Get your priorities straight! Or suffer the consequence of missed deadlines. Of course, I’m talking here about the relative priorities of your real-time tasks and interrupt service routines. In my travels around the embedded design community, I’ve learned that most real-time systems are designed with ad hoc priorities.
Unfortunately, mis-prioritized systems often “appear” to work fine without discernibly missing critical deadlines in testing. The worst-case workload may have never yet happened in the field or there is sufficient CPU to accidentally succeed despite the lack of proper planning. This has lead to a generation of embedded software developers being unaware of the proper technique. There is simply too little feedback from non-reproducible deadline misses in the field to the original design team—unless a death and a lawsuit forces an investigation.
Best Practice: There is a science to the process of assigning relative priorities. That science is associated with the “rate monotonic algorithm,” which provides a formulaic way to assign task priorities based on facts. It is also associated with the “rate monotonic analysis,” which helps you prove that your correctly-prioritized tasks and ISRs will find sufficient available CPU bandwidth between them during extreme busy workloads called “transient overload.” It’s too bad most engineers don’t know how to use these tools.
There’s insufficient space in this column for me to explain why and how RMA works.

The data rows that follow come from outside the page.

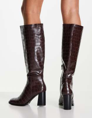 Miss selfridge knee high boots clearance, Miss Selfridge retro brown croc high clearance
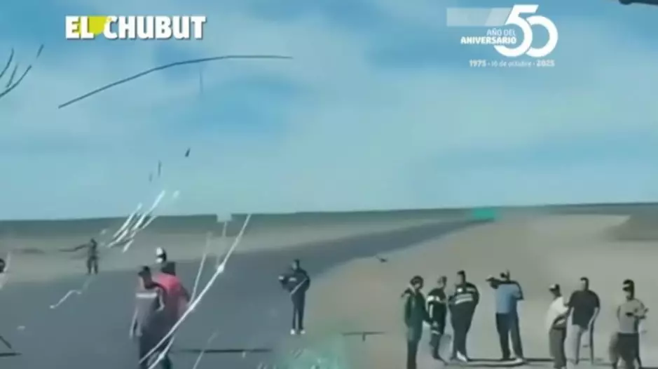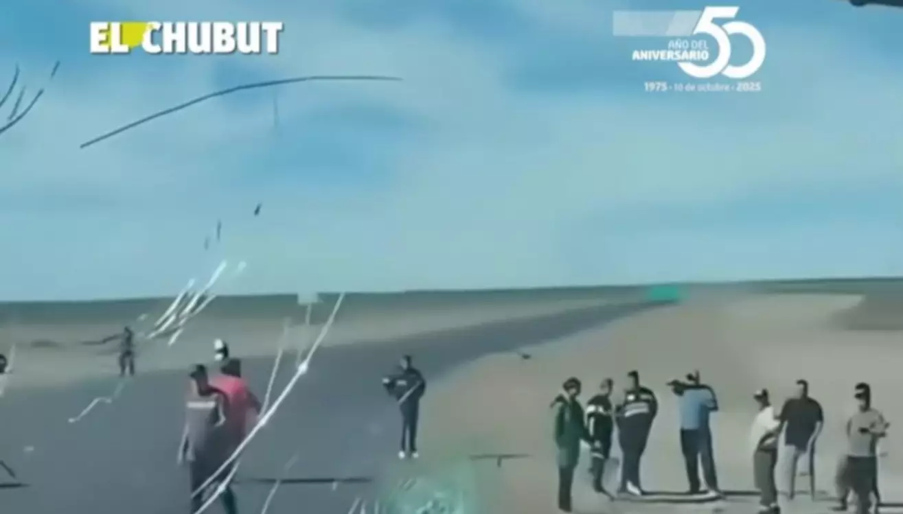 En las imágenes si bien no se ve el momento del ataque, uno de los trabajadores mostró los daños desde el interior del camión, tanto en el parabrisas como en el espejo retrovisor.
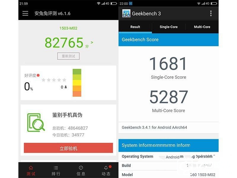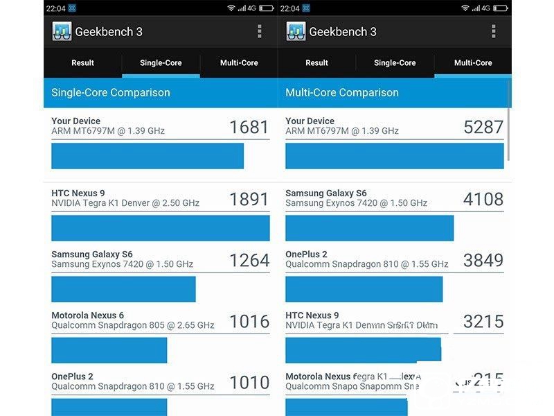 從安兔兔跑分來看,82765基本符合預期,Helio X20配合4GB內存已經超越了上代頂級安卓旗艦。Geekbench3跑分結果也極為類似,單雙核跑分均大幅領先三星Galaxy S6,應該可以稱得上性能強悍。

But I’ve written on these topics before and recommend you start with “Introduction to Rate-Monotonic Scheduling” and then read my column “3 Things Every Programmer Should Know About RMA.”
Please know that if you don’t use RMA to prioritize your tasks and ISRs (as a set), there’s only one entity with any guarantees: the one highest-priority task or ISR can take the CPU for itself at any busy time—barring priority inversions!—and thus has up to 100% of the CPU bandwidth available to it. Also note that there is no rule of thumb about what percentage of the CPU bandwidth you may safely use between a set of two or more runnables unless you do follow the RMA scheme.